¿Qué estamos dejando de hacer en Sitio 2?

Por MV. MSc. Daniel Molina Morán

Especialista Técnico PorcinoTrouw Nutrition Sur y Centroamérica

Introducción

La expansión de la producción porcina intensiva, particularmente entre pequeños y medianos productores, puede conducir al descuido de principios básicos de manejo. Sin embargo, el vacío sanitario, el sistema todo dentro–todo fuera (TD/TF), la calidad del agua y el cumplimiento de un presupuesto de alimentación son elementos fundamentales para alcanzar los objetivos productivos y, en consecuencia, los resultados económicos de la explotación. A continuación, se revisan algunos de estos fundamentos aplicados a la etapa de transición.

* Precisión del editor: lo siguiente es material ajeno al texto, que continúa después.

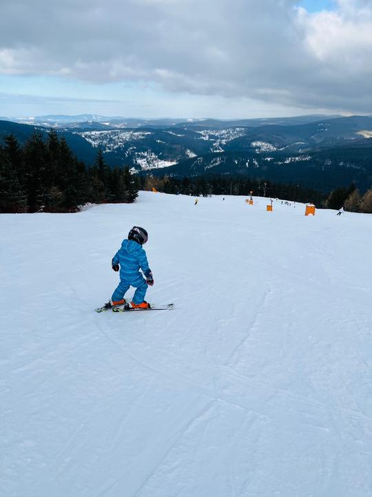 S Tobim lyžuje tatínek, ale tenhle týden mi úplně vytřel zrak, jaký už je to lyžař. Naprosto suverénně a radostně sjede červenou téměř dvoukilometrovou sjezdovku 👏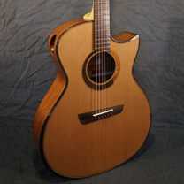 OM pour la caisse munie d'un pan coupé florentin. La prise en main est instantanée et le format du manche en C sans être trop épais, est tout à fait classique et très efficace, avec 44 mm au sillet de tête et 54mm à la 12ème case. La jouabilité de cette OM est telle, qu'on ne se rend pas compte que c'est une nouvelle guitare que nos mains sont en train de manipuler.

Bioseguridad como base del diseño 

Todo sistema de producción debe definir con claridad sus objetivos productivos. Antes de diseñar las instalaciones de transición, es necesario establecer si el flujo de animales destetados se organizará en bandas de una o más semanas, cuántos lechones integrarán cada grupo, la edad y el peso máximos previstos durante esta etapa y el número de días de vacío sanitario que deberá cumplir cada galera.

La bioseguridad constituye un pilar estructural de cualquier sistema productivo. Su objetivo es prevenir la introducción y diseminación de agentes infecciosos, por lo que debe integrarse desde el diseño del sistema de producción.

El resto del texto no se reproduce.